Тормознул у подъезда, подождал, пока не впустит «хозяина» дверь, понимая теперь его нетерпеливость и его возбужденность и разделяя вполне его радость. Развернул поспешно легковушку и покатил в роту, представляя, какой там сейчас разговор, и предвкушая реакцию шоферов на его пересказ беседы с «хозяином».
«Повоюем! Ох и повоюем!»
С этими же мыслями, что наконец-то пришел и его черед бить фашистов, шагнул в прихожую Михаил Семеонович.
— Великолепнейшая новость! — целуя привычно жену и позволяя ей расстегивать портупею, восклицал Богусловский: — Радостная! Формируем дивизию! Для фронта!
— А у меня тоже радость для тебя, — не улавливая еще сути мужниного сообщения, отвечала Анна, лучась вся улыбкой. — Письмо от Лидушки с Владиком. Живы. И, как я поняла, что-то у них назревает доброе. Не личное. На фронте.
— Назревает, Аннушка моя, назревает. А скоро и я сыну на помощь двинусь.
Вот теперь только дошел смысл сказанного прежде Михаилом. И вихрем закружились мысли о неизбежных переменах в улаженном их быте, о непременной разлуке, об еще большей опасности, в какую попадет ее муж. Анна, обмякшая, прижалась к мужниной груди и грустно вздохнула.
— Ну, будет, будет, — погладил он ее по голове. — Ты же сама разделяла мое стремление ехать на фронт.
— Верно. Только все это неожиданно. Вот так. Вдруг.
— Не вдруг. Грядет великое. Такое, что япошек тоже отрезвит совершенно.
Слишком смелое предвидение. Совершенно сбить спесь с алчной милитаристской клики может только их полный разгром. Пока же они сами праздновали победу. За Перл-Харбором последовали Гонконг, Малайя, Бирма, Голландская Индия, Филиппины и Соломоновы острова, Таиланд… Точили японцы зубы уже и на Австралию, и на Индию. Даже на сами Соединенные Штаты Америки. Совместно, конечно, с Германией. И безусловно, после того, как будет поставлен на колени Советский Союз.

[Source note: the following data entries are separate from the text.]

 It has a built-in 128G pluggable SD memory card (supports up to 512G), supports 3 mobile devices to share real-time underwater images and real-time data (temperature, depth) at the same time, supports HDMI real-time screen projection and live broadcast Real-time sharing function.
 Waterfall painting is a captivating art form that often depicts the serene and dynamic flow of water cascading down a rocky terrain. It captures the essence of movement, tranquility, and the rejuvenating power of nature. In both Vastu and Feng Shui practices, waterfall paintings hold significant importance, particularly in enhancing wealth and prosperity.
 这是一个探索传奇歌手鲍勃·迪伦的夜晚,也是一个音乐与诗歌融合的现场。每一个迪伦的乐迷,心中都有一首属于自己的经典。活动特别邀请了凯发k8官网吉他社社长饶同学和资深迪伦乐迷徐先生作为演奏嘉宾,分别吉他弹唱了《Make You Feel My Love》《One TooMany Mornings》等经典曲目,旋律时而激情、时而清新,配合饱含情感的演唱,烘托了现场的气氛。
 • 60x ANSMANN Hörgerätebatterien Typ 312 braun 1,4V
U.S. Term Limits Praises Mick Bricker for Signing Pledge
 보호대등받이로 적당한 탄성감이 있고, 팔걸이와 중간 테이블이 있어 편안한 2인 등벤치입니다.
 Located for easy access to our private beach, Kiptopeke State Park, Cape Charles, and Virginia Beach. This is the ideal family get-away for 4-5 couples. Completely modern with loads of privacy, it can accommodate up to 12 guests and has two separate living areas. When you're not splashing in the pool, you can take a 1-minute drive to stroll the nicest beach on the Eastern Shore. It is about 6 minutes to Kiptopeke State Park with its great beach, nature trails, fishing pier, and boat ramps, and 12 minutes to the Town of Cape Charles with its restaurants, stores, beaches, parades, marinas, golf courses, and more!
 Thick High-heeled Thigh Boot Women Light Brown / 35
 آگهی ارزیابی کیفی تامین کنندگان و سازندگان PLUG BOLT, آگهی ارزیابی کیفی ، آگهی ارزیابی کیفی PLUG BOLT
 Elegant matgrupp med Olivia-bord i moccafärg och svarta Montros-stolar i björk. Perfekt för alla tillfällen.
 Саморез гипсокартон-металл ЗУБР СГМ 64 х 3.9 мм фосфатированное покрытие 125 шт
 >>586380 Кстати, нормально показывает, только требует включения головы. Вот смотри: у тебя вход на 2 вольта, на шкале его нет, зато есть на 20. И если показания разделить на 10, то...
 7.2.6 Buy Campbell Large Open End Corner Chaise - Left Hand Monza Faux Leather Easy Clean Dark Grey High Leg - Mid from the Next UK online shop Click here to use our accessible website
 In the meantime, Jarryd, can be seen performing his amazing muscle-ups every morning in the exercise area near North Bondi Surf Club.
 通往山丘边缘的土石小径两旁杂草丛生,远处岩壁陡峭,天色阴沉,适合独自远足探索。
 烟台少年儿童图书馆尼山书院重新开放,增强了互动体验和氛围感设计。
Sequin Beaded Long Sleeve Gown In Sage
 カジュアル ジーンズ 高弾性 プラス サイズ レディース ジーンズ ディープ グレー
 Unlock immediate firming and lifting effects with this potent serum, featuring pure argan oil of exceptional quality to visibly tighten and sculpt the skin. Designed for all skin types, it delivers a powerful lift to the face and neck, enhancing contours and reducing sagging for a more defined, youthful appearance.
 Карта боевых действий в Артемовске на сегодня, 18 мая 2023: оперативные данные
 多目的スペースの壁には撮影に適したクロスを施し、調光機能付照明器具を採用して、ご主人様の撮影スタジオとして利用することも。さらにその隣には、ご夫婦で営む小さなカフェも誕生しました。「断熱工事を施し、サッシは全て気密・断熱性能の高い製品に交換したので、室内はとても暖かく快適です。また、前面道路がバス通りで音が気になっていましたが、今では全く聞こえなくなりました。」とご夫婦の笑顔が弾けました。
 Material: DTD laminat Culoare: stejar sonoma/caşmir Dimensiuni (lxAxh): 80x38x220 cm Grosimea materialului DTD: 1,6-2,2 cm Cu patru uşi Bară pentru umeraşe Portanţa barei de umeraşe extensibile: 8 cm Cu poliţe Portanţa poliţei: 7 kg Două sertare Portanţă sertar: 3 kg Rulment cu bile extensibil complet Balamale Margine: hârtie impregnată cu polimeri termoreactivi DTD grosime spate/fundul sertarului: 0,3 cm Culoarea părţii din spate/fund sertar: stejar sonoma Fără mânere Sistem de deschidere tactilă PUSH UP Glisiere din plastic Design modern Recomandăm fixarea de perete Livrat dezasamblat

Пучилась Квантунская армия. Ждала благоприятного момента, как это было определено на императорской конференции в Токио еще 2 июня 1941 года. А момент тот был уже совсем близок — Сталинград. Знало наше правительство об агрессивных намерениях Японии, и, хотя фронт требовал все свежие и свежие силы, все же находило оно и людей, и технику для Дальнего Востока. Большие резервы там держало. Давно уже не перебрасывались отсюда на фронт крупные соединения. Давно. К этому привыкли и жили здесь по законам фронтовым, в ожидании тайфуна, в готовности встретить его достойно. И вот — приказ. О формировании целой дивизии только из пограничников. Значит, вздохнулось свободней. Значит, не такой уж реальной стала угроза вторжения Квантунской армии в наши земли. Только вряд ли можно говорить о полном отрезвлении японской военщины. Нескоро оно, отрезвление, наступит. И доживет ли он, Богусловский, до того благодатного дня?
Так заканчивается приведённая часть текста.